George Short

Personal information
- Full name: George Frederick Short
- Date of birth: 1866
- Place of birth: Birmingham, England
- Date of death: Unknown
- Position: Utility player

Senior career*
- Years: Team / Apps / (Gls)
- Unity Gas
- 1887–1895: Small Heath / 31 / (5)
- 1895–1???: Oldbury Town

= George Short (footballer) =

English footballer

George Frederick Short (1866 – after 1895) was an English professional footballer who made 18 appearances in the Football League playing for Small Heath.
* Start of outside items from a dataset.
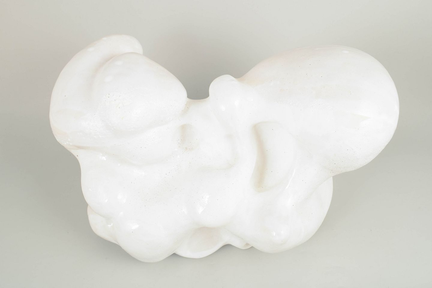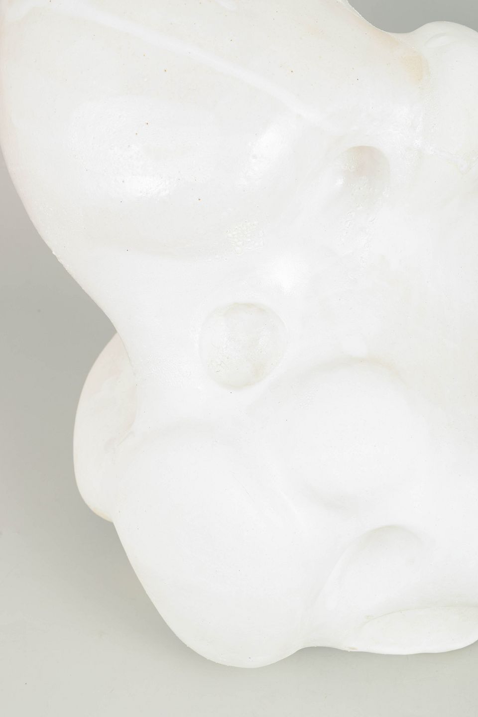Unika stentøjsskulptur, organisk formet. Værket er dækket af et tyndt lag mat hvid porcelæn og pletvist penselglaseret med hvid, blank glasur, matte hvide glasurer og hvide glasurer med specielle effekter.
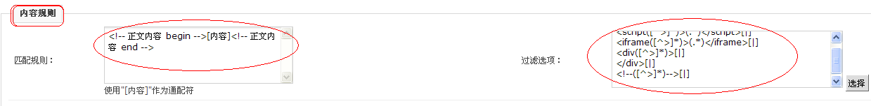 内容采集配置: 新浪新闻最终页,新闻内容都包含在 <!-- 正文内容 begin --> <!-- 正文内容 end --> 之间,而且这二个结点,在整个页面源代码中具有唯一性。所以可以以此为规则取内容。并对内容进行过滤。如下图
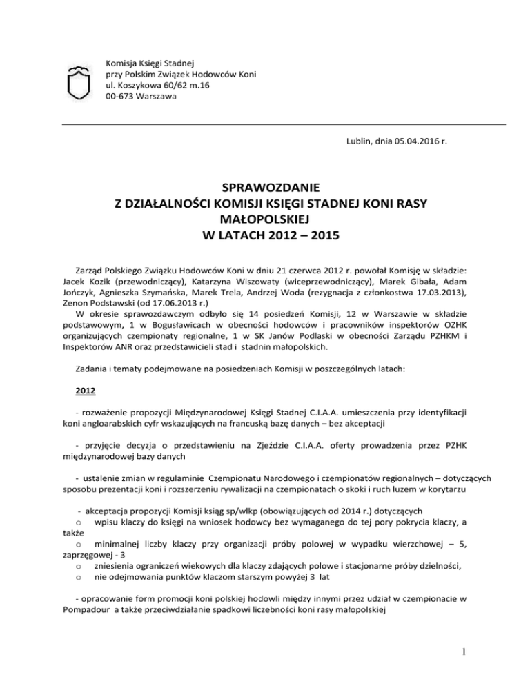 Komisja Księgi Stadnej przy Polskim Związek Hodowców Koni ul. Koszykowa 60/62 m.16 00-673 Warszawa Lublin, dnia 05.04.2016 r. SPRAWOZDANIE Z DZIAŁALNOŚCI KOMISJI KSIĘGI STADNEJ KONI RASY MAŁOPOLSKIEJ W LATACH 2012 – 2015 Zarząd Polskiego Związku Hodowców Koni w dniu 21 czerwca 2012 r. powołał Komisję w składzie: Jacek Kozik (przewodniczący), Katarzyna Wiszowaty (wiceprzewodniczący), Marek Gibała, Adam Jończyk, Agnieszka Szymańska, Marek Trela, Andrzej Woda (rezygnacja z członkostwa 17.03.2013), Zenon Podstawski (od 17.06.2013 r.) W okresie sprawozdawczym odbyło się 14 posiedzeń Komisji, 12 w Warszawie w składzie podstawowym, 1 w Bogusławicach w obecności hodowców i pracowników inspektorów OZHK organizujących czempionaty regionalne, 1 w SK Janów Podlaski w obecności Zarządu PZHKM i Inspektorów ANR oraz przedstawicieli stad i stadnin małopolskich. Zadania i tematy podejmowane na posiedzeniach Komisji w poszczególnych latach: 2012 - rozważenie propozycji Międzynarodowej Księgi Stadnej C.I.A.A. umieszczenia przy identyfikacji koni angloarabskich cyfr wskazujących na francuską bazę danych – bez akceptacji - przyjęcie decyzja o przedstawieniu na Zjeździe C.I.A.A. oferty prowadzenia przez PZHK międzynarodowej bazy danych - ustalenie zmian w regulaminie Czempionatu Narodowego i czempionatów regionalnych – dotyczących sposobu prezentacji koni i rozszerzeniu rywalizacji na czempionatach o skoki i ruch luzem w korytarzu - akceptacja propozycji Komisji ksiąg sp/wlkp (obowiązujących od 2014 r.) dotyczących o wpisu klaczy do księgi na wniosek hodowcy bez wymaganego do tej pory pokrycia klaczy, a także o minimalnej liczby klaczy przy organizacji próby polowej w wypadku wierzchowej – 5, zaprzęgowej - 3 o zniesienia ograniczeń wiekowych dla klaczy zdających polowe i stacjonarne próby dzielności, o nie odejmowania punktów klaczom starszym powyżej 3 lat - opracowanie form promocji koni polskiej hodowli między innymi przez udział w czempionacie w Pompadour a także przeciwdziałanie spadkowi liczebności koni rasy małopolskiej 1 o przygotowanie specjalnych nagród dla właścicieli koni osiągających wysokie wyniki w sporcie, oraz stypendiów dla jeźdźców dosiadających konie małopolskie o decyzja o przygotowaniu bazy danych dotyczącej wyników sportowych oraz oceny grupowej źrebiąt. - dalsze zachowanie selekcji ogierów poprzez Zakład Treningowy oraz rozważenie koncepcji oddzielnej oceny ogierów rasy małopolskiej w ZT i zmiany oceny na punktową - rozważenie propozycji dotyczącej wpisania klaczy do G I po zdanej próbie dzielności zagwarantowania w przyszłości tych klaczy jako matek uznanych ogierów - praca nad programem pokazów w Janowie Podlaskim mających odbywać się podczas Zjazdów WBFSH w 2013 r. i Walnego 2013 - ustalenie zmian do regulaminu Czempionatu Narodowego i czempionatów regionalnych; o wprowadzenie oceny skoków luzem koni 2-3-letnich oraz ruchu luzem roczniaków, na zasadzie konkursów dodatkowych (tylko dla chętnych) o opracowanie nowego wzoru karty katalogowej uwzględniającego % krwi arabskiej i nowego systemu ocen - zaakceptowanie propozycji zmian – obowiązujących w ZT od 2014 r. - wprowadzenie bonitowania i mierzenia klaczy podczas próby dzielności (w tym wpisu do księgi) - zlikwidowanie oceny miernej w skali ocen prób dzielności klaczy (30-34,99 pkt – ocena dostateczna) - zatwierdzenie zmian systemu liczenia wyników w wierzchowym ZT ogierów (ocena punktowa uwzględniająca wagi cech i odchylenie standardowe, brak oceny słownej) oraz przeprowadzenia wspólnego treningu zaprzęgowego dla ogierów ras szlachetnych i śląskich (na wzór próby ogierów rasy śląskiej) - akceptacja propozycji dotyczącej wymagań dla uznawania ogierów na podstawie wyników MPMK w powożeniu zaprzęgami oraz kategoryzacji (obowiązujące od 2013 r.): - wprowadzenie zmiany w regulaminie wpisu do ksiąg stadnych (obowiązujące od 1.08.2013): o „Do księgi stadnej może być także wpisane potomstwo pochodzące od jednego lub obojga rodziców wpisanych do ksiąg ras półkrwi innych niż wymienione poniżej*, jeśli w trzecim pokoleniu w rodowodzie tegoż potomka występuje tylko jeden przodek obcy dla rasy małopolskiej.” *małopolska, pełna krew angielska, czysta krew arabska i angloarabska, półkrew angloarabska (zagraniczne), półkrew arabska i angielska (z dawnych rodów austro-węgierskich). - zgoda na użycie w rozrodzie nasienia ogiera Mighty Magic hol. (10 klaczy), oraz ogiera Lucier m (2 lata + uzyskanie kwalifikacji do MPMK) - opracowanie regulaminu dla wszystkich czempionatów małopolskich w nowej formule ze skokami i ruchem luzem w korytarzu (jako fakultatywne – do końcowej klasyfikacji) - propozycja zmian w programie hodowlanym dotyczących wspólnego treningu ras szlachetnych m, śl, sp, wlkp w ZT zaprzęgowym 2 - zorganizowanie spotkania z Komisją Kwalifikacyjną przed ZT w celu omówienia rodowodów zgłaszanych ogierów i ich analizy w kierunku sportowym - ustosunkowanie do projektu polowej próby dla ogierów z końcowym wnioskiem, końcowa oceny może być nieadekwatna do prawdziwej wartości ogiera iż - analiza projektu uznawania ogierów na podstawie wyników uzyskanych w zawodach WKKW i powożenia zaprzęgami jednokonnymi z możliwością obniżenia progu punktowego dla ogierów programowych - podsumowanie zasad programu ochrony i wyrażenie opinii dotyczącej ewentualnych skutków jego działania - praca nad nowymi zasadami wpisu koni i próbami dzielności w programach hodowlanych o obniżenie dolnego progu ilości punktów bonitacyjnych do 72 przy wpisie klaczy do Głównej Księgi o 75 dla klaczy ubiegającej się o wpis do Księgi Wstępnej - akceptacja nowego miejsca przeprowadzenia treningu dla młodych ogierów i spraw organizacyjnych związanych z ZT, zapoznanie z propozycjami KKS sp i wlkp dotyczącymi o jeźdźców testowych, o akceptacji listy sędzi

Short was born in Birmingham. He played football for the Unity Gas Depot works team before joining Small Heath in 1887. In Small Heath's first season in the Football Alliance, Short scored four goals in 13 appearances playing as a winger, but later he became most comfortable at full back. This meant a lengthy spell in the reserve team, because first-choice defenders Tom Bayley and Fred Speller missed only two games between them in the next two seasons. Short returned to the first team for the club's first season in the Football League in 1892–93, contributing to their winning the inaugural Second Division championship. He helped the club to runners-up spot in the Second Division the following season, which this time brought promotion to the First Division via the test match system, but never played in the top flight. He joined Oldbury Town of the Birmingham & District League in 1895.

Short's younger brother Charlie also played professionally for Small Heath.